---------- SUPPLIED DATA

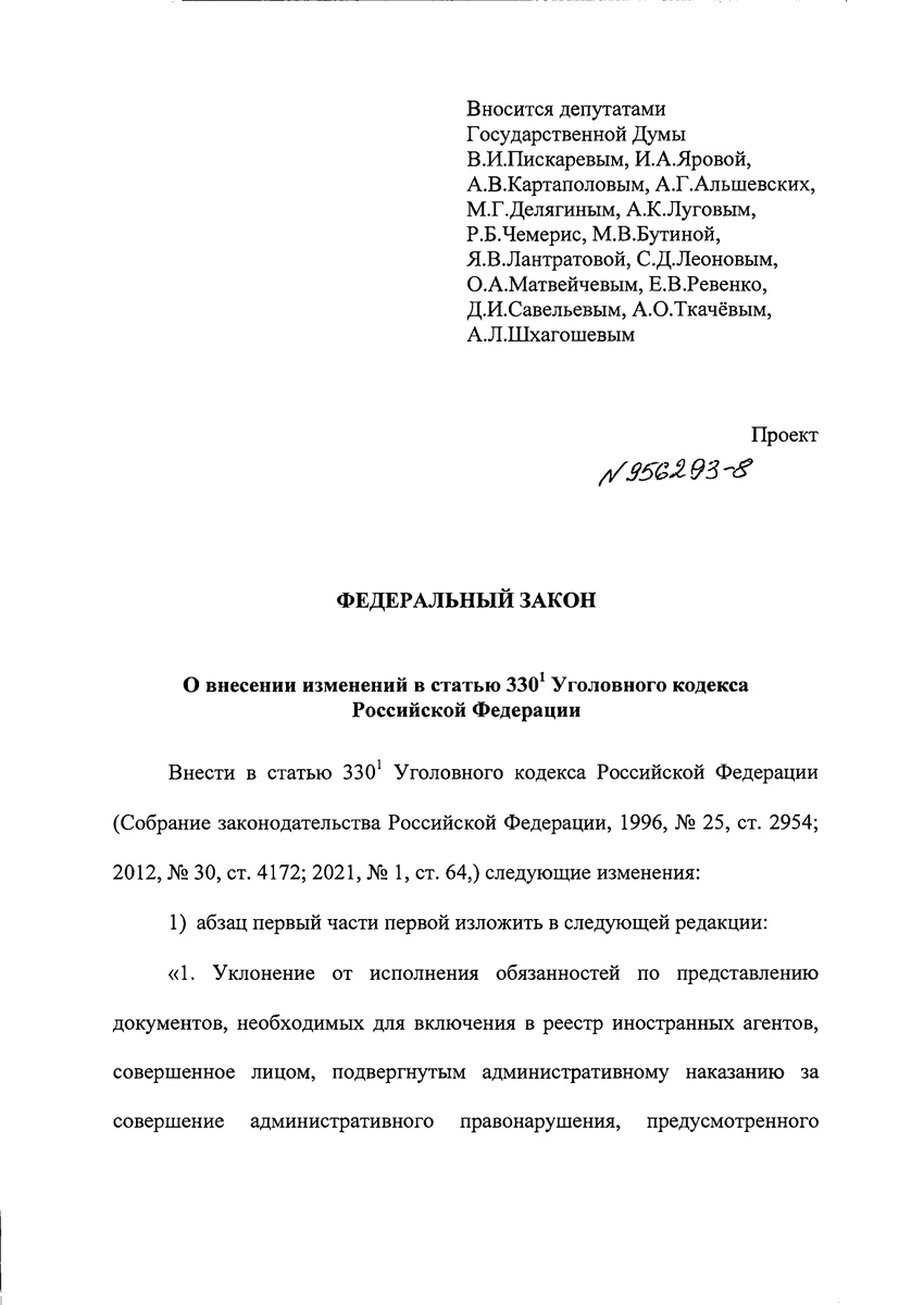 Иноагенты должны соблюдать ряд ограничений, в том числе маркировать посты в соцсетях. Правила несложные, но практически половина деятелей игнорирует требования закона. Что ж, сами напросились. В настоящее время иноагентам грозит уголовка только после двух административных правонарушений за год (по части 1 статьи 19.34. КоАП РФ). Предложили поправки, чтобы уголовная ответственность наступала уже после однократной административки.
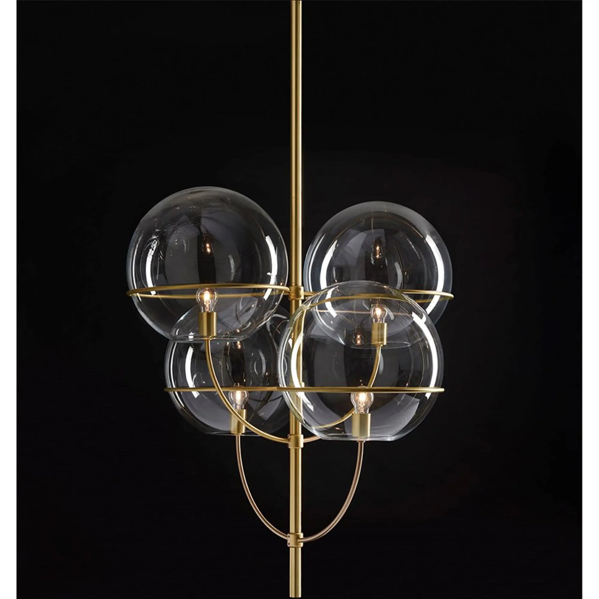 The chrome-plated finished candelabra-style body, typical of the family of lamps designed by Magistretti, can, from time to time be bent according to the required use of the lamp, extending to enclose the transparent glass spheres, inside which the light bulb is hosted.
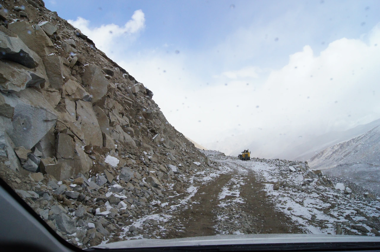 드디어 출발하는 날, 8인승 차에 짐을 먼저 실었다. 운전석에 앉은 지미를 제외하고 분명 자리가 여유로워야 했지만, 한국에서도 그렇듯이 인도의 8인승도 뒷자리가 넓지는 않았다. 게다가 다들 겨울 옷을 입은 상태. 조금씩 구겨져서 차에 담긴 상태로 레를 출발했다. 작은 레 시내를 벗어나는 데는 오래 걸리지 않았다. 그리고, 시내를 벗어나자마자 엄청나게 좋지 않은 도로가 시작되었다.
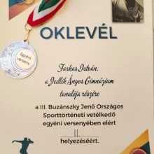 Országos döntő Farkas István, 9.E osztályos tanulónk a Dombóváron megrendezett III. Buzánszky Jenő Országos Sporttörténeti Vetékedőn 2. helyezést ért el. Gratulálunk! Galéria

--------------------

| EXERCISE DESCRIPTION |
Write out each line of the data above exactly, starting at the top and finishing with the line containing "드디어 출발하는 날, 8인승"; omit the pictures.

| SOLUTION |
 Иноагенты должны соблюдать ряд ограничений, в том числе маркировать посты в соцсетях. Правила несложные, но практически половина деятелей игнорирует требования закона. Что ж, сами напросились. В настоящее время иноагентам грозит уголовка только после двух административных правонарушений за год (по части 1 статьи 19.34. КоАП РФ). Предложили поправки, чтобы уголовная ответственность наступала уже после однократной административки.
 The chrome-plated finished candelabra-style body, typical of the family of lamps designed by Magistretti, can, from time to time be bent according to the required use of the lamp, extending to enclose the transparent glass spheres, inside which the light bulb is hosted.
 드디어 출발하는 날, 8인승 차에 짐을 먼저 실었다. 운전석에 앉은 지미를 제외하고 분명 자리가 여유로워야 했지만, 한국에서도 그렇듯이 인도의 8인승도 뒷자리가 넓지는 않았다. 게다가 다들 겨울 옷을 입은 상태. 조금씩 구겨져서 차에 담긴 상태로 레를 출발했다. 작은 레 시내를 벗어나는 데는 오래 걸리지 않았다. 그리고, 시내를 벗어나자마자 엄청나게 좋지 않은 도로가 시작되었다.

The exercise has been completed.